If your loved one has been saving for an additional pension on their own, you have the opportunity to inherit their retirement savings . They can be located in the same NPF where pension savings are stored, or in another.

Who can receive inheritance savings and how?

The owner of pension savings could himself appoint successors – not necessarily relatives. And determine the share of savings that everyone will get. To do this, he  had to submit a written application with a list of successors to the branch of the FIU or the MFC.

If a person has not left such a statement, only representatives of the first or second inheritance line can count on money . The first is children, parents, husband or wife. If there are no relatives of the first stage, then the savings will go to the relatives of the second stage – brothers, sisters, grandfathers, grandmothers and grandchildren. Relatives of the same queue receive savings in equal shares.
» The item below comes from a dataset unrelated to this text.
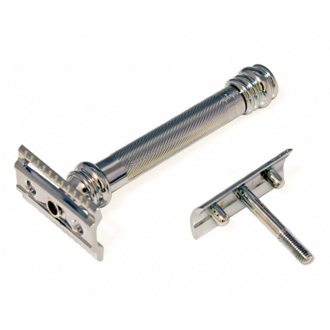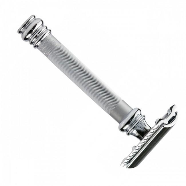 Станок для бритья Т-образный 90 38001 MERKUR SAFETY RAZOR WITH EXTRA LONG HANDLE - это особая модель опасной бритвы с удлиненной рукояткой, которая заметно удобнее других вариантов процессе бритья. Изделие сделано из немецкой стали и покрыто хромом. Дополнительный слой не только повышает надежность, а еще и помог достичь безупречного внешнего вида. Также будущему владельцу понравится относительно небольшой вес, всего 120 г. За счет диагональной резьбе на стальной рукоятке станок не выскользнет из руки, что исключает ранение в процессе бритья. С этой же целью производитель сделал рукоятку длинной 103 мм. Соответственно, в руке модель сидит прекрасно и про неудобства в процессе использования можно забыть.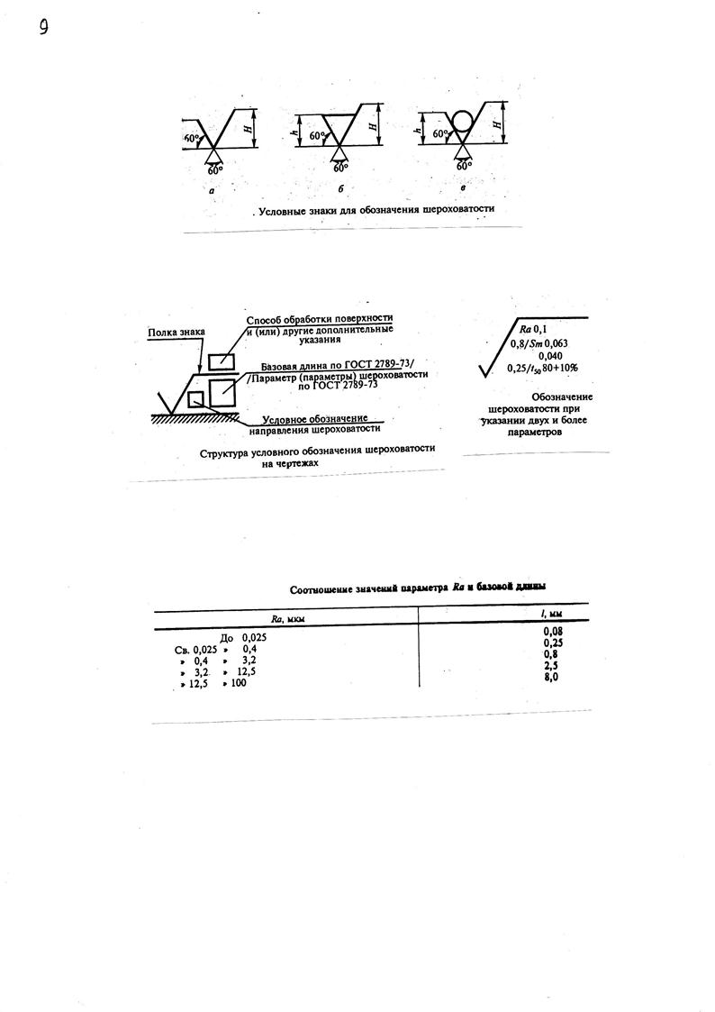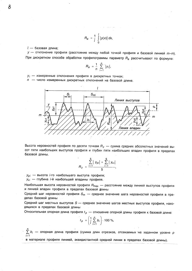 Неровности на поверхностях деталей в основном являются следствием технологических погрешностей. Во многих случаях выступы и впадины на поверхностях периодически повторяются. Выявлению причин этих погрешностей способствует анализ колебательных процессов в системе «станок – приспособление – инструмент – деталь». По результатам этого анализа и выявленным причинам технологических погрешностей неровности условно разделили на 3 вида по отношению шага к высоте неровностей Числовые значения параметров шероховатости определяют от единой базы, в качестве которой принята средняя линия профиля (система М). Эта линия имеет форму номинального профиля и называется базовой. Для количественного определения параметров шероховатости используется отрезок – базовая длина ℓ. Установлено 5 значений ℓ: 0,08; 0,25; 0,8; 2,5 и 8 мм. Стандарт рекомендует конкретное значение ℓ из этого ряда для определенного диапазона высотных параметров (на основании выявленной для большинства видов механической обработки поверхностей устойчивой связи средних шагов неровностей с их высотами). В зависимости от эксплуатационных требований и размеров оцениваемой поверхности контроль параметров шероховатости можно проводить на нескольких участках ℓ, принимая в качестве результата среднюю величину данного параметра. Стандарт предусматривает следующие 6 параметров для оценки шероховатости поверхности: Параметры шероховатости, которые целесообразно контролировать, и их оптимальные численные значения определяются функциональным назначением данной поверхности. На рабочем чертеже детали шероховатость должна быть указана для всех поверхностей, выполняемых по нему (кроме поверхностей, шероховатость которых не обусловлена требованиями конструкции). Стандартом установлена структура обозначения шероховатости, в которой предусмотрена возможность и форма указания: любого из перечисленных параметров, базовой длины, способа обработки поверхности и направления шероховатости. Установлены также способы нанесения обозначений на чертежах и предпочтительные численные значения параметров шероховатости. Одним из признаков волнистости являются неровности, у которых расстояния между соседними выступами или впадинами превышают базовую длину ℓ. Волнистость оценивают двумя параметрами: высотой волнистости

If the insured has no relatives from the first two stages, then the savings go to the reserve of the pension fund, and the savings account is closed.

To get access to the money of the deceased, his relatives must contact the FIU and find out if the person has pension savings. If there is, the FIU will inform you in which fund they are stored and whether the owner of pension savings has left a statement with a list of successors.
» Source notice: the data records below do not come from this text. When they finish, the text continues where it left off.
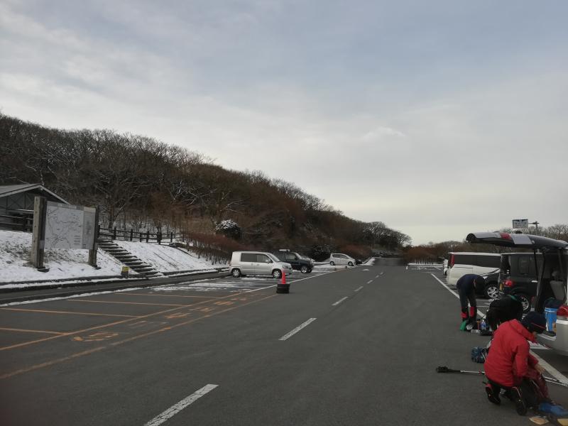 牧ノ戸峠は雪が少なく、登り始めは凍結している所もありましたが、アイゼンなしで登山開始。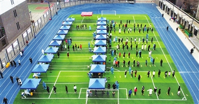 在南开区水上公园街道,社区的小学操场临时被征用为核酸检测的场地,门口的长队有序排着。穿着红色显眼羽绒服的社区工作者告诉记者:“早上4点就在群里接到全员核酸的通知了,我们5点多就出门到学校帮忙一起搭帐篷,等待大家伙儿来。”
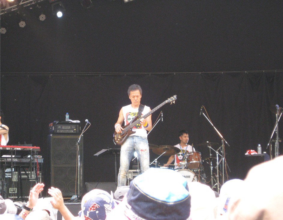 FujiRock”夏木マリ”さんライブは最高に盛り上がって終了!マリさんもメンバーも燃え尽きましたー。会場に来てくれた皆、最高でした!どうもありがとう!そして、東京に戻りました。・・あ、暑い! 昨夜の苗場食堂ライブには、あのBRAHMANのTOSHI-LOWさんが、りょうさんと一緒に観に来てくれて,打ち上げにも参加!ライブを気に入ってくれたようで嬉しかった。彼のメッセージに感動したことがあるので、どこかで協力できたらと思っています。 フェスと言えば、ジャズフェスばっかり出演してきましたが、ロックフェスティバル、何だか、ベースを弾き始めた頃の自分に戻れて嬉しいよ!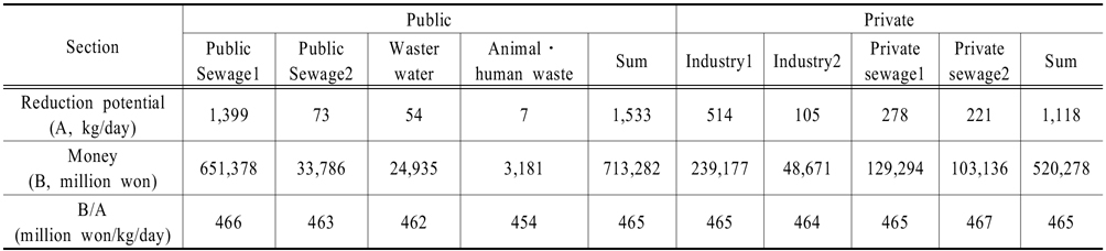 수질개선효과가 있을 것으로 추정된다. 물금지역 T-P 수질개선에 따른 삭감비용을 민간개별배출시설에 적용시 Table 7과 같이 520,277백만원 (1,000 kg/일 삭감시 450,800백만원 삭감비용적용)이 소요될 것으로 추정된다. 그리고 법적배출량 기준에서 일괄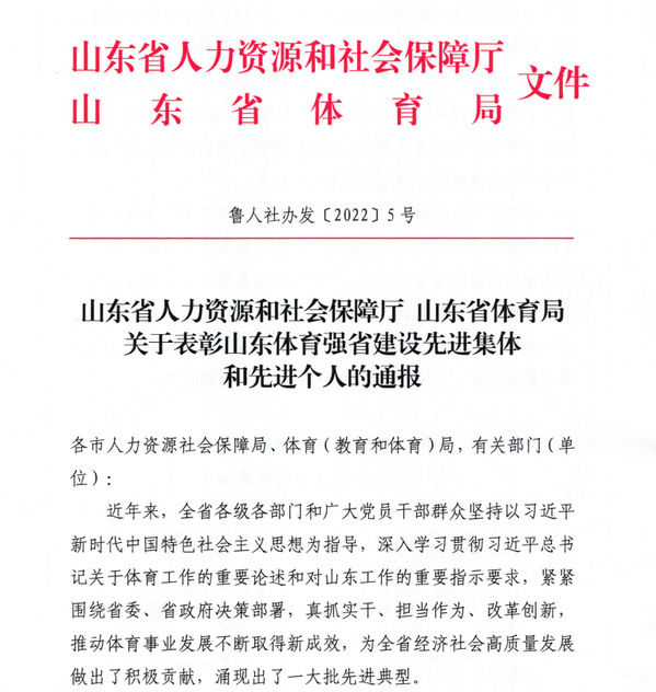 近日,山东省人力资源和社会保障厅、山东省体育局联合下发《关于表彰山东体育强省建设先进集体和先进个人的通报》,我校9728太阳集团被评选为“山东体育强省建设先进集体”。

You can only come to the branch of the Pension Fund of Russia in person. You cannot apply to the FIU through a notary.

When you visit the FIU you will need:

  • the passport;
  • death certificate (if any);
  • SNILS of the deceased;
  • documents confirming the relationship with the deceased.

If you know that the person has designated you as the recipient of their retirement savings, proof of relationship is not required. But you will need the SNILS number – both the deceased and your own.
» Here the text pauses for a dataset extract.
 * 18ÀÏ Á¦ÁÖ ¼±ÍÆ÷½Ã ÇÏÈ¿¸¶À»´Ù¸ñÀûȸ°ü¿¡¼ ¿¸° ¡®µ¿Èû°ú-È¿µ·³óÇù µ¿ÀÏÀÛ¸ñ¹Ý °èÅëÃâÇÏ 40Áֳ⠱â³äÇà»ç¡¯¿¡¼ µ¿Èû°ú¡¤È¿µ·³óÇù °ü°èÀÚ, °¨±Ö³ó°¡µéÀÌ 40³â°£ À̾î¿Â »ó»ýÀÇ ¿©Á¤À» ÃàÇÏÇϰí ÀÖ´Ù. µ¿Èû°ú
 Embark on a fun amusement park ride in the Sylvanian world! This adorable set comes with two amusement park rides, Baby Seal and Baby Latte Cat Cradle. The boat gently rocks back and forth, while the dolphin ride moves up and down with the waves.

When you find out in which fund your loved one’s savings are stored, do not delay. You need to contact this fund and apply for payment within six months from the date of death of the owner of the savings. If you are late, the money can only be obtained through the court.

The amount of payments will depend on whether the deceased began to receive a pension or not. If a person died before retirement, then the heirs will receive all the savings.

If a pension has already been assigned, then the amount of payment will depend on the type of pension.

The money will be paid to you only after seven months – until the 20th day of the eighth month from the date of the death of their owner.

Who can apply for voluntary retirement savings and how to get them?

Each NPF has its own rules. Whether pension savings are inherited, in what amount and under what conditions, is indicated in the agreement with the fund.

Usually, the NPF pays savings to successors only if the client has not yet started receiving additional pension. Sometimes the contract provides for the payment of part of the savings. And in some cases, under the terms of the contract, the money cannot go to the heirs at all.

If the contract provides for the transfer of savings, then two options for their inheritance are possible.

The owner of the pension account could independently determine the list of recipients of savings. To do this, he had to immediately enter their personal data into the contract or draw up a separate will with a notary indicating the successors of his pension savings.

If he did not do this, then the relatives will receive pension savings in the order of the first two inheritance queues, as in the case of the state pension.

The agreement with the NPF should state when the heirs must apply to the fund with an application for payment. For example, not earlier than six months after the death of the client, and not later than three years.

It is better to check the list of documents for receiving money in the fund in advance – it may vary in different organizations.

How long after the application is submitted, the fund must pay the money can also be found in the agreement with the NPF.

If you know that a loved one saved money for an additional pension, but you don’t know in which fund, then you can send requests to all NPFs through a notary. But again, it is worthwhile to find out in advance the prices of a notary for search and estimate the costs.